炭酸リチウムの用量・血中濃度別 胎児先天異常リスク(目安)

血中濃度(mEq/L)先天奇形リスク(全体)心奇形(エブスタイン奇形など)
<0.6約1.5〜2%(一般人口とほぼ同等)<0.1%
0.6〜0.8約2〜3%約0.1〜0.2%
0.8〜1.0約3〜4%約0.2〜0.4%(軽度上昇)
>1.0約5%〜6%約0.4〜0.6%(上昇傾向)

補足情報

  • 一般人口における心奇形の自然発生率は約0.05%〜0.1%程度。
  • 以前は「リチウムで心奇形(特にエブスタイン奇形)が20倍」と言われたこともありますが、現在の研究では過大評価されていた可能性が高いとされています。
  • 妊娠中に最もリスクが高いのは、妊娠4〜8週(器官形成期)です。

妊娠中のリチウム使用に関する推奨

  • 継続が必要な場合は、血中濃度0.6〜0.8 mEq/Lを維持しつつ、定期的な胎児モニタリング(超音波など)を行うことが推奨されます。
  • 分娩前後は一時的にリチウムの中止または減量が必要なこともあります(母体の腎機能変動による中毒回避のため)

出典・参考文献

  • Patorno E et al. Lithium use in pregnancy and the risk of cardiac malformations. N Engl J Med. 2017.
  • McKnight RF et al. Lithium toxicity profile: a systematic review and meta-analysis. Lancet. 2012.
  • 日本産婦人科医会・日本精神神経学会「妊娠と薬に関するガイドライン」

2.バルプロ酸(デパケン)

デパケン(バルプロ酸)は、妊娠中の使用による胎児への影響が強く懸念される抗てんかん薬・気分安定薬です。
特に、神経管閉鎖障害(脊椎披裂など)や発達障害、知的障害のリスクが明確に報告されています。
以下に、バルプロ酸の用量別における胎児への先天異常の発現頻度(特に重度の先天奇形)をまとめた表を示します。

バルプロ酸の用量別 胎児への先天異常リスク(目安)

母体の1日投与量 先天奇形(重度)リスク 主な異常
<700 mg約5〜7%心奇形、尿道下裂、
軽度顔面異常 など
700〜1000 mg約8〜10%同上 + 神経管閉鎖障害のリスク増加
1000〜1500 mg約10〜15%神経管閉鎖障害(脊椎披裂など)、
頭蓋形成異常
>1500 mg約15〜20%以上重度奇形 + 自閉症スペクトラム障害
(ASD)や知的障害リスク大幅上昇

特に注意すべき胎児への影響

  • 神経管閉鎖障害(spina bifida):発症率は一般人口の10〜20倍(約1〜2%)
  • ASD(自閉スペクトラム症):一般人口の約1.5〜2倍とされる(用量依存性あり)
  • 知的障害:発達IQが低くなる傾向(平均で7〜10ポイントの低下報告あり)

妊娠中のバルプロ酸の使用に関する推奨

  • 妊娠中の双極症患者に対して、バルプロ酸を使用しないことを強く推奨する

補足と注意点

  • 妊娠計画がある場合は、バルプロ酸は基本的に回避すべき薬剤とされています(特に双極性障害においては他剤優先)。
  • どうしても使用が必要な場合でも、可能な限り低用量で、葉酸の補充(0.4〜5 mg/日)が強く推奨されます。
  • ヨーロッパでは、バルプロ酸は「最後の手段」としてのみ妊婦に使用することが明文化されています。

出典・参考文献

  • Tomson T, Battino D, et al.

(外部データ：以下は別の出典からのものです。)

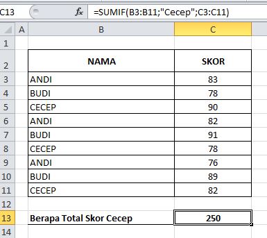 =SUMIF(B3:B11;”Cecep”;C3:C11)

Dose-dependent risk of malformations with antiepileptic drugs: an analysis of data from the EURAP epilepsy and pregnancy registry. Lancet Neurol. 2011.
  • Meador KJ, et al. Fetal antiepileptic drug exposure and cognitive outcomes at age 6 years (NEAD study). Lancet Neurol. 2013.
  • 日本うつ病学会診療ガイドライン 双極性障害(双極症)2023
  • 日本てんかん学会「妊娠と抗てんかん薬に関するガイドライン」

4.双極症の方が妊娠を考えるとき

双極症を抱える方が「妊娠を考えるとき」に服薬について相談・検討する際は、安全性と再発リスクのバランスをどうとるかが極めて重要になります。相談するタイミングは、早ければ早いほど良いでしょう。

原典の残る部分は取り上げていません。